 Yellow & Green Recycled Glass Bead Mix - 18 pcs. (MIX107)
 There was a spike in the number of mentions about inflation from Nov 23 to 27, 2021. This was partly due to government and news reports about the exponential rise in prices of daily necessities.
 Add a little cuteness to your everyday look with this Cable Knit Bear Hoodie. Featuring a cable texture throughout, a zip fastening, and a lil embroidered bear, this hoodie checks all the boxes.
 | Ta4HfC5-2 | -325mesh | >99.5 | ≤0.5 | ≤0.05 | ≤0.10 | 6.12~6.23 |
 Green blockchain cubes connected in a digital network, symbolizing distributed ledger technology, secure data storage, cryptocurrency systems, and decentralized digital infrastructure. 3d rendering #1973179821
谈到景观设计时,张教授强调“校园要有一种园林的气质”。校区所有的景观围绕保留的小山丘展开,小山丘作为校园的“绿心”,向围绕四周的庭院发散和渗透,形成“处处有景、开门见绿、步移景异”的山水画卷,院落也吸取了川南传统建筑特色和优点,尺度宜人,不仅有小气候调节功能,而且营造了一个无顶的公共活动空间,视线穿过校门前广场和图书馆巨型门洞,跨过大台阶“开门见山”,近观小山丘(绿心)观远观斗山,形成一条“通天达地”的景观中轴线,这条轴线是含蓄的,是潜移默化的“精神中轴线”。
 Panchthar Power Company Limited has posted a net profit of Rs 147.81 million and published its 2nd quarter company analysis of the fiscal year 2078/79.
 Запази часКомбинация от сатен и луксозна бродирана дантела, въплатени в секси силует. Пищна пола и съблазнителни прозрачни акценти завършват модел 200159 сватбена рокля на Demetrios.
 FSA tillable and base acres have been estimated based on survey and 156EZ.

○ ○ ○ ○ ○ ○ ○

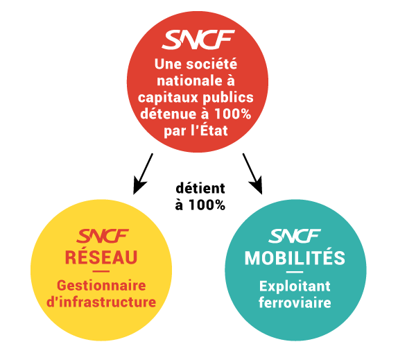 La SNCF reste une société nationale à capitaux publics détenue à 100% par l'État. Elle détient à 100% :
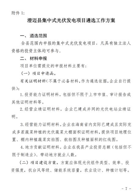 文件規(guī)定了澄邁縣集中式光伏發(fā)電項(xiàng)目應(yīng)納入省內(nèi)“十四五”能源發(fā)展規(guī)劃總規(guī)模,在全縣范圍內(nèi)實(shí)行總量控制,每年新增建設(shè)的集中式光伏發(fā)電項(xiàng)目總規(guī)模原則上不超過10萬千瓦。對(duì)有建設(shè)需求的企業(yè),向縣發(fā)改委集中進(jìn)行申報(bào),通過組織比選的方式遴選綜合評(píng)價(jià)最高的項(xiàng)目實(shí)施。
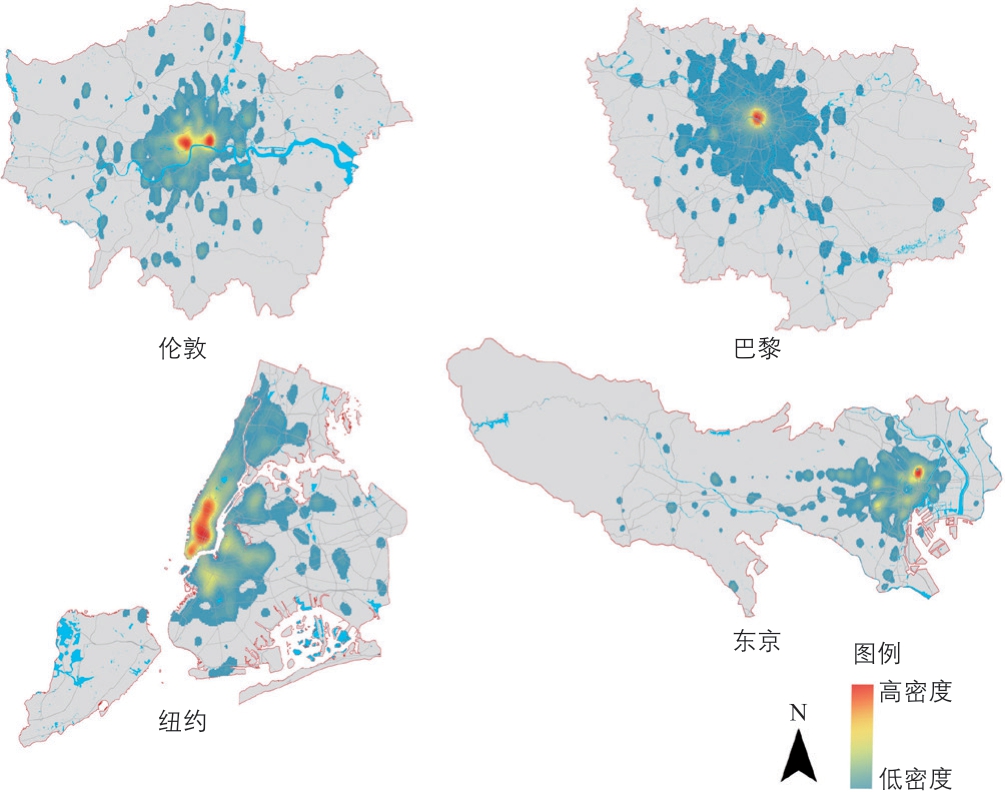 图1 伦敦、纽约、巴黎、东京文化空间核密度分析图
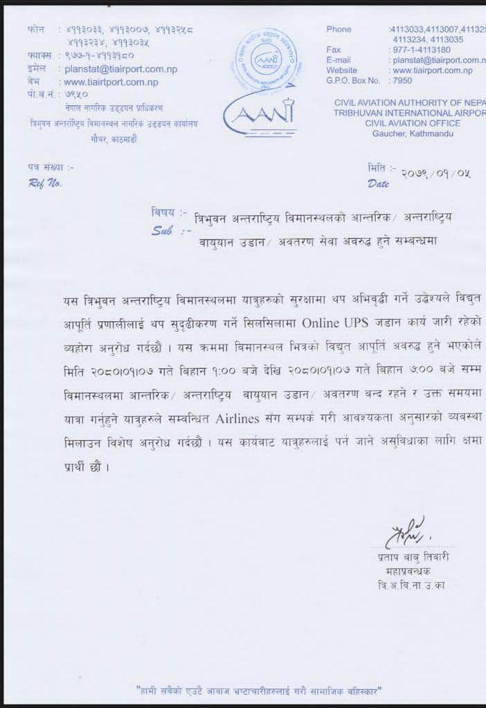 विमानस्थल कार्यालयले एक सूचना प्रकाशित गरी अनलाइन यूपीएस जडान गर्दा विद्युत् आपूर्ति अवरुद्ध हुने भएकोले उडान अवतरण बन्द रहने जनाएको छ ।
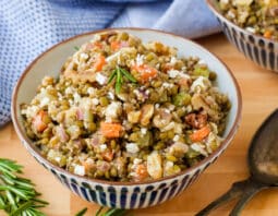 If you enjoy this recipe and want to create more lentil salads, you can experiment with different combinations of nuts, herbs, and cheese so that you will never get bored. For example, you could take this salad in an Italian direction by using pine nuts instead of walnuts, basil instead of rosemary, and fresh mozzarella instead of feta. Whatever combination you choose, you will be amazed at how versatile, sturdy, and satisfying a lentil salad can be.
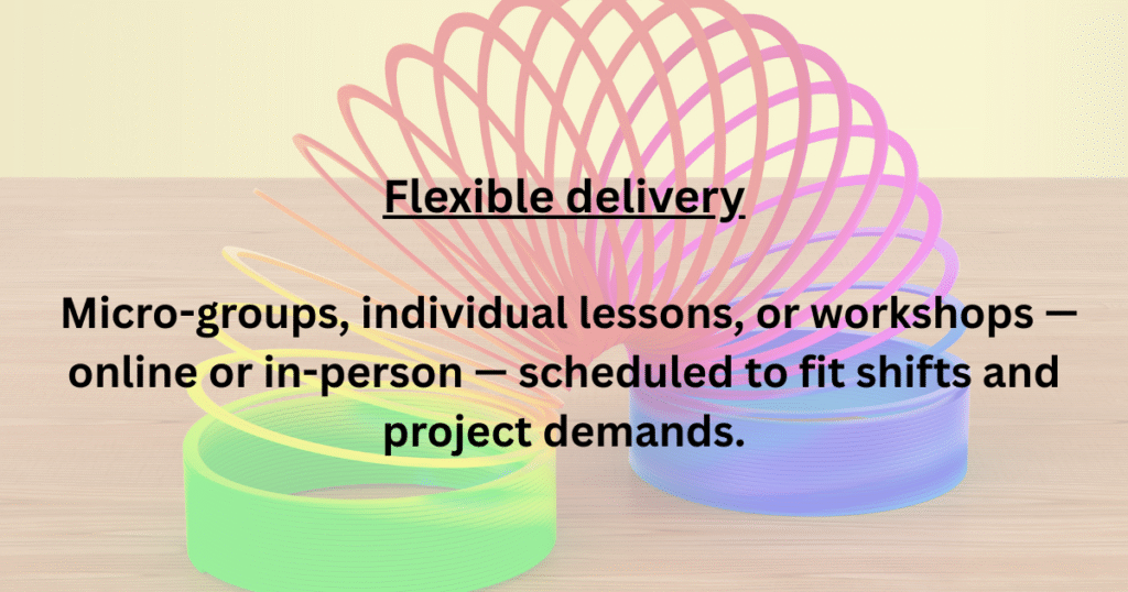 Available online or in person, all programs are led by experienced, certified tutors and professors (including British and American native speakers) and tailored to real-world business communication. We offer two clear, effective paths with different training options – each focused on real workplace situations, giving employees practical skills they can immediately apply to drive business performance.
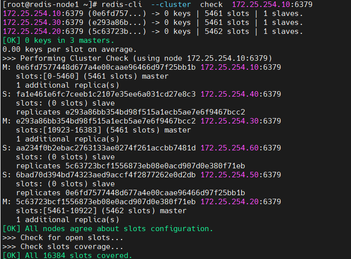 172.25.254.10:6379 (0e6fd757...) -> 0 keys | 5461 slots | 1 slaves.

○ ○ ○ ○ ○ ○ ○

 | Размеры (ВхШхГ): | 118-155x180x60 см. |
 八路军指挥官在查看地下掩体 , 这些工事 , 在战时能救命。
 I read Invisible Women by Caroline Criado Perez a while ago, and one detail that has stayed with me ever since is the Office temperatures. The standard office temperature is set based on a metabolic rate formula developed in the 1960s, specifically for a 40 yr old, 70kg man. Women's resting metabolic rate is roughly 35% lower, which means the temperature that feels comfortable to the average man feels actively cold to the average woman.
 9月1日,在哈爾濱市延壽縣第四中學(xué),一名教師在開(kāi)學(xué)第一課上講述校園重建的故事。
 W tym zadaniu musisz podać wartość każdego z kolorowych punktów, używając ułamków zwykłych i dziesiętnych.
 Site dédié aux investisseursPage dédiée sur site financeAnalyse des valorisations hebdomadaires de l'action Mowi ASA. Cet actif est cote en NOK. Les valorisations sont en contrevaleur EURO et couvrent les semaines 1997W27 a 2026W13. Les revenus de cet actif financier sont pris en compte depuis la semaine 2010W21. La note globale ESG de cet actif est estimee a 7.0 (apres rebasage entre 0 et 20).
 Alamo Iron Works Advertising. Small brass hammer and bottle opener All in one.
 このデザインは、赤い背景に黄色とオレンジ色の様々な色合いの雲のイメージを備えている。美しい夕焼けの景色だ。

○ ○ ○ ○ ○ ○ ○

__Exercise brief__
Reproduce only the lines above spanning from the line containing "Yellow & Green" through the line containing "There was a", word for word.

__Response__
 Yellow & Green Recycled Glass Bead Mix - 18 pcs. (MIX107)
 There was a spike in the number of mentions about inflation from Nov 23 to 27, 2021. This was partly due to government and news reports about the exponential rise in prices of daily necessities.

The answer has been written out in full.